For the loss function, $\ell(y, \hat{y}) = (y - \hat{y})^2$, $$ \hat{y}^{\star}(\mathbf{x}) = \mathbb{E}_{\mathsf{y} \sim \mathbf{x}}[\mathsf{y} \mid \mathbf{x}] $$ i.e., the optimal prediction is the conditional mean of $y$ given $\mathbf{x}$.

However, in most scenarios, the joint distribution $p(\mathbf{x}, y)$ is unknown.

Finally, let’s restate the supervised machine learning problem as an inference problem.

The goal is to obtain a predictor $\hat{y}(\mathbf{x})$ that performs close to optimal predictor $\hat{y}^{\star}(\mathbf{x})$ based only on the training set $\mathcal{D}$ (without knowledge of $p(\mathbf{x}, y)$). Where closeness is measured as, $$ L_p(\hat{y}) - L_p(\hat{y}^{\star}). $$ where $L_p(\hat{y})$ is the generalization loss of the trained predictor $\hat{y}(\mathbf{x})$ and $L_p(\hat{y}^{\star})$ is the minimum generalization loss (optimal predictor).

Frequentist Approach

Intuition: Frequentist Approach

Our training data points $(\mathbf{x}_i, \mathsf{y}_i) \in \mathcal{D}$ are i.i.d random variables drawn from a true (but unknown) distribution $p(\mathbf{x}, y)$, $$ (\mathbf{x}_i, \mathsf{y}_i) \sim_{\text{i.i.d}} p(\mathbf{x}, y), \quad i = 1, \ldots, N. $$ Since $p(\mathbf{x}, y)$ is unknown, we cannot find the optimal predictor via, $$ \hat{y}^{\star}(\mathbf{x}) = \underset{\hat{y}}{\arg\min} \ \mathbb{E}_{\mathsf{y} \mid \mathbf{x}}[\ell(\mathsf{y}, \hat{y}) \mid \mathbf{x}]. $$ The solution however, is to separate learning inference. If we can learn an approximation of $p(y \mid \mathbf{x})$ based on $\mathcal{D}(p_{\mathcal{D}}(y \mid \mathbf{x}))$, and use it in, $$ \hat{y}^{\star}(\mathbf{x}) = \underset{\hat{y}}{\arg\min} \ \mathbb{E}_{\mathsf{y} \mid \mathbf{x}}[\ell(\mathsf{y}, \hat{y}) \mid \mathbf{x}]. $$ we can obtain, $$ \hat{y}_{\mathcal{D}}(\mathbf{x}) = \underset{\hat{y}}{\arg\min} \ \mathbb{E}_{\mathsf{y} \sim p_{\mathcal{D}}(y \mid \mathbf{x})}[\ell(\mathsf{y}, \hat{y}) \mid \mathbf{x}]. $$ Further, we can perform direct inference via empirical risk minimization (ERM). If we directly learn an approximation of the optimal decision rule ($\hat{y}_{\mathcal{D}}(\cdot)$) by minimizing an empirical estimate of the generalization loss, $$ \hat{y}_{\mathcal{D}} \coloneqq \underset{\hat{y}}{\arg\min} \ L_{\mathcal{D}}(\hat{y}) = \underset{\hat{y}}{\arg\min} \ \frac{1}{N} \sum_{i=1}^{N} \ell(\mathsf{y}_i, \hat{y}(\mathbf{x}_i)). $$ But, how do we learn an approximation of $p_{\mathcal{D}}(y \mid \mathbf{x})$ of $p(\mathsf{y} \mid \mathbf{x})$ based on $\mathcal{D}$? If we can select a family of parametric probabilistic models (i.e., hypothesis classes), we can learn the model parameters to fit $\mathcal{D}$.

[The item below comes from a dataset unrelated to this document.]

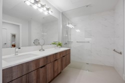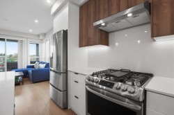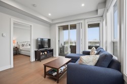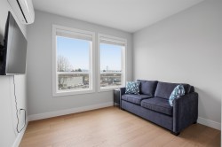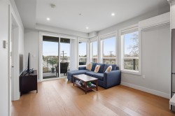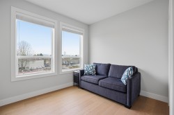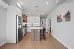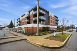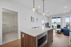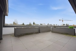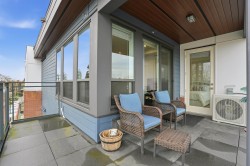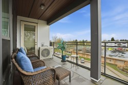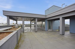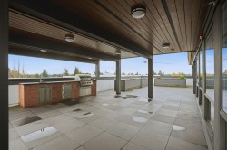 CORNER PENTHOUSE at Delta Green! Premier 55+ living in the heart of Ladner Village, directly across from Memorial Park & the Library. This Bright, private corner home features 9' ceilings, radian in-floor heating, air conditioning & a sun-filled open plan. Sleek gourmet kitchen with quartz countertops & quality finishes is perfect for hosting. Generous in-suite storage adds everyday convenience. Residents enjoy an impressive rooftop deck with garden boxes & BBQ area designed for social gatherings, plus a fitness gym & secure bike room. Steps to shops, dining & all village amenities - the ultimate walkable lifestyle.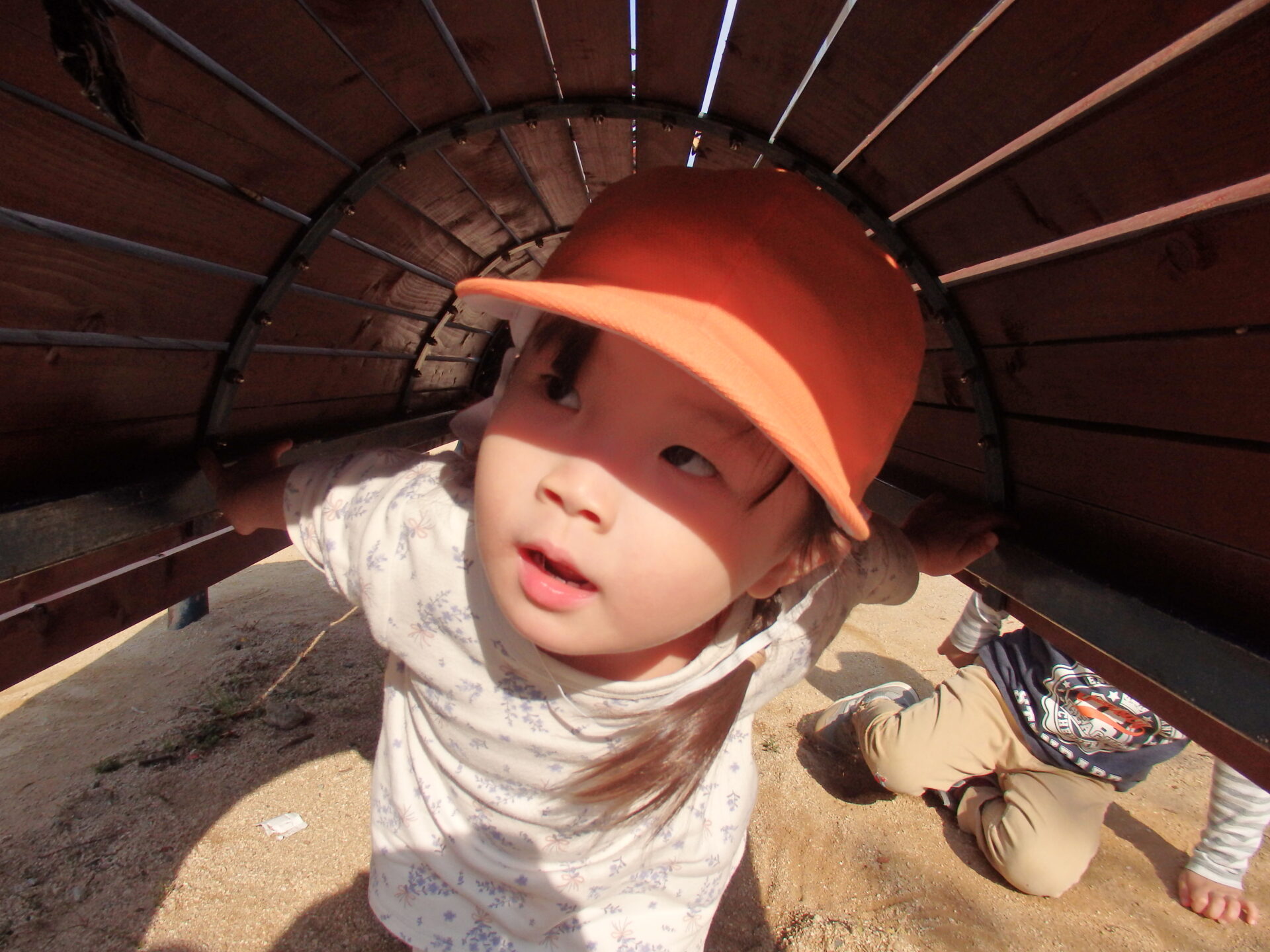 トンネルを通るだけでなく、お化けが向こうからやってくる!という設定や、オオカミから隠れよう!という設定など、子ども達が様々なお話を作り遊びを広げていました。

Linear Regression: Problem Setting

Definition: Linear Regression Problem Setting

In linear regression, we are interested in values of a fucntion $y(\mathbf{x}): \mathbb{R}^d \to \mathbb{R}$, where $\mathbf{x} = (x_1, \ldots, x_d)^T$. We have some observations of this mapping, precisely $\mathcal{D} = \{(\mathbf{x}_i, y_i)\}_{i=1}^{N}$.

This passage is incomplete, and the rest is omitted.